Print out all of the records exactly; no picture belongs in the result.

■ Stored dataset items:
=== Section Start ===

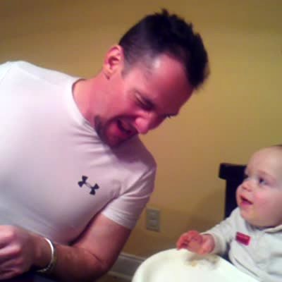 A man asks his baby boy to say "Daddy" and the boy burps loudly indoors.
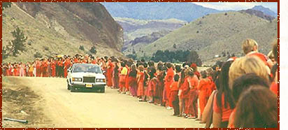 By 1981, Rajneesh had settled with many of his followers at the Oregon retreat called Rajneeshpuram, where the guru relaxed between discourses and shakti dispensations by tooling around in his 93 Rolls-Royces, waving to throngs of orange-clad disciples. The cult incorporated itself as a city, and then the guru’s chief lieutenants began making brazen moves to consolidate regional political power near the tiny, beleaguered village of Antelope. Beginning with voter fraud, these machinations culminated in mass poisoning and assassination plots in which the Bhagwan’s complicity was murky. He was either a dissociated sociopath or the worst city manager imaginable. The end result was his attempted flight from US immigration charges in 1985. Forced to land his two Learjets for refueling in Charlotte, NC
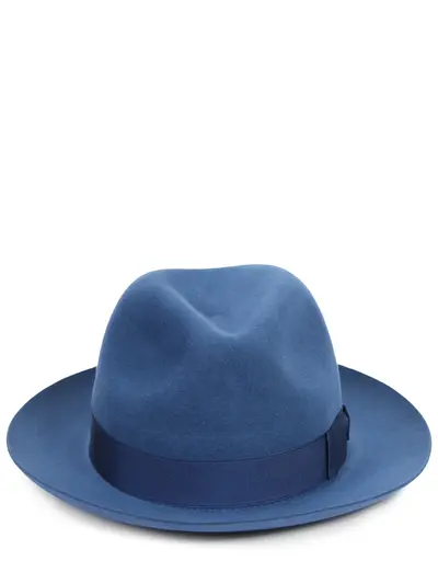-Синяя шляпа из фетра на основе шерсти от BORSALINO. -Широкополая модель с классической тульей, которую подчеркивает широкая репсовая лента с логотипом.
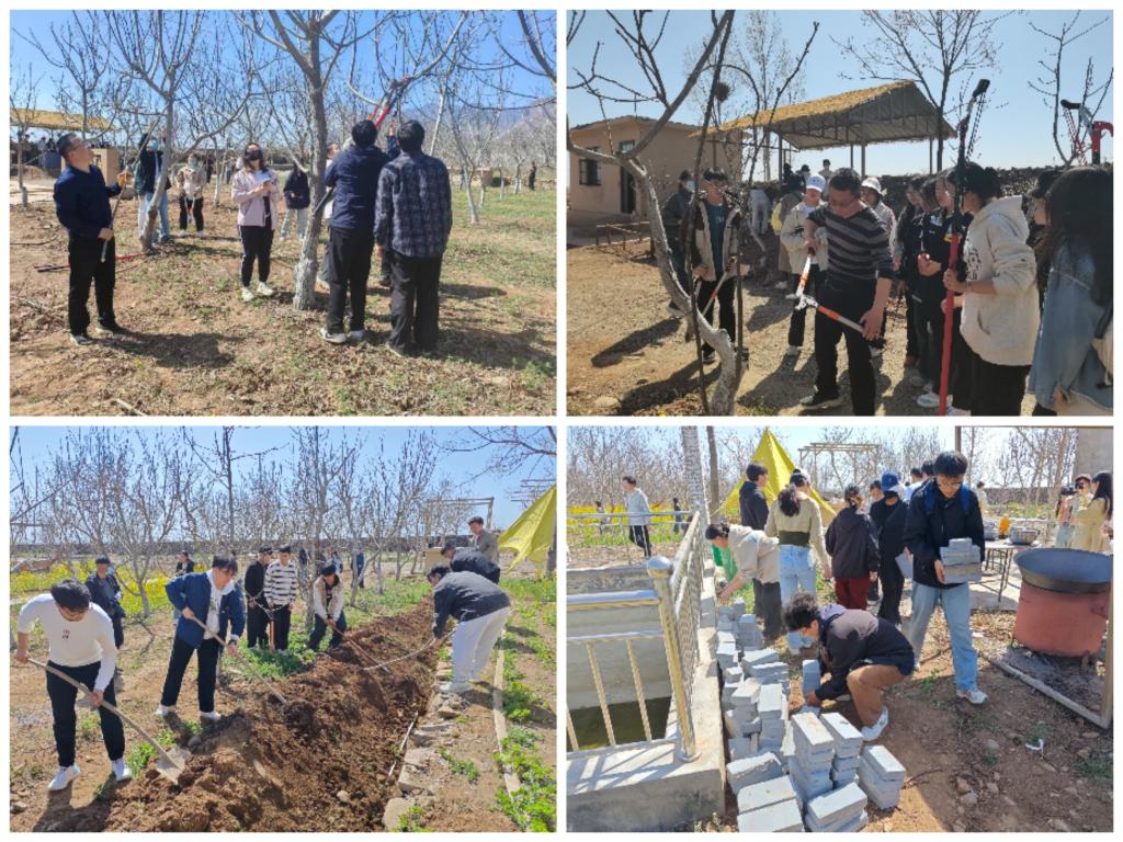 在辉县市上八里镇王家河坡“百农小院”实践基地,学员们化身生态建设先锋队,在专业教师的指导下投身实践。“修剪攻坚组”手持工具,进行疏枝、定型等园艺技术;“生态修复组”挥锹铲土,在翻新的土地上均匀撒播草籽、花种;“基建服务组”齐心协力搬砖、填坑,平整园区道路,各组在劳动中穿插开展“田间微党课”。
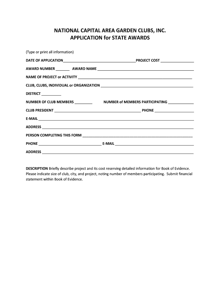 NATIONAL CAPITAL AREA GARDEN CLUBS, INC. APPLICATION for STATE AWARDS (Type or print all information) DATE OF APPLICATION ...
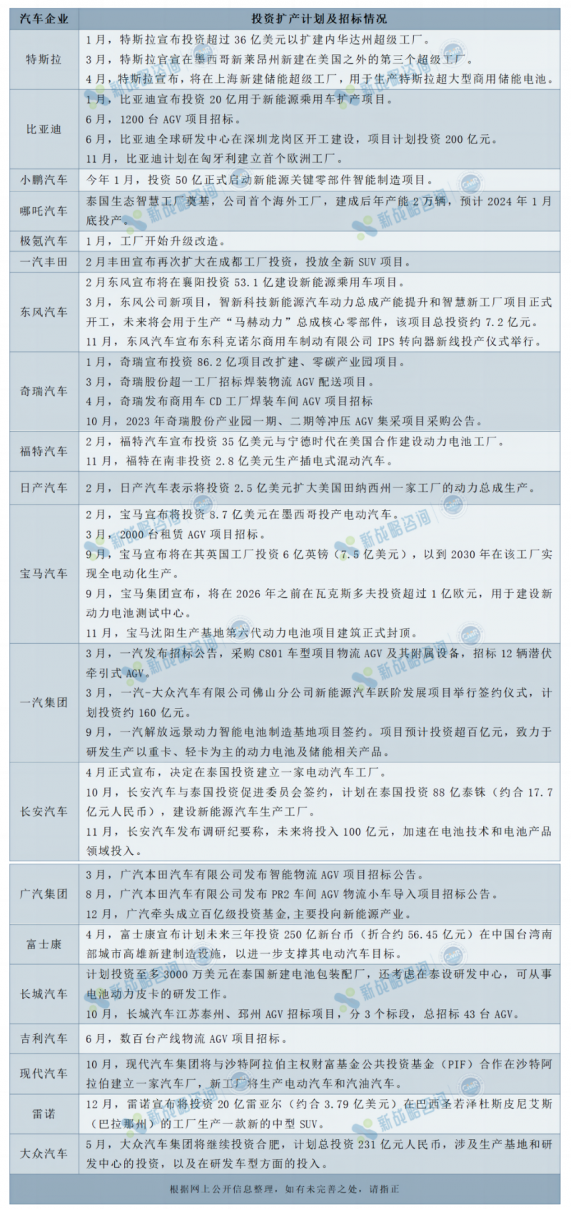 2023年1-12月主要車企投資擴產相關情況

=== Section End ===

■ Response for this exercise:
 A man asks his baby boy to say "Daddy" and the boy burps loudly indoors.
 By 1981, Rajneesh had settled with many of his followers at the Oregon retreat called Rajneeshpuram, where the guru relaxed between discourses and shakti dispensations by tooling around in his 93 Rolls-Royces, waving to throngs of orange-clad disciples. The cult incorporated itself as a city, and then the guru’s chief lieutenants began making brazen moves to consolidate regional political power near the tiny, beleaguered village of Antelope. Beginning with voter fraud, these machinations culminated in mass poisoning and assassination plots in which the Bhagwan’s complicity was murky. He was either a dissociated sociopath or the worst city manager imaginable. The end result was his attempted flight from US immigration charges in 1985. Forced to land his two Learjets for refueling in Charlotte, NC
-Синяя шляпа из фетра на основе шерсти от BORSALINO. -Широкополая модель с классической тульей, которую подчеркивает широкая репсовая лента с логотипом.
 在辉县市上八里镇王家河坡“百农小院”实践基地,学员们化身生态建设先锋队,在专业教师的指导下投身实践。“修剪攻坚组”手持工具,进行疏枝、定型等园艺技术;“生态修复组”挥锹铲土,在翻新的土地上均匀撒播草籽、花种;“基建服务组”齐心协力搬砖、填坑,平整园区道路,各组在劳动中穿插开展“田间微党课”。
 NATIONAL CAPITAL AREA GARDEN CLUBS, INC. APPLICATION for STATE AWARDS (Type or print all information) DATE OF APPLICATION ...
 2023年1-12月主要車企投資擴產相關情況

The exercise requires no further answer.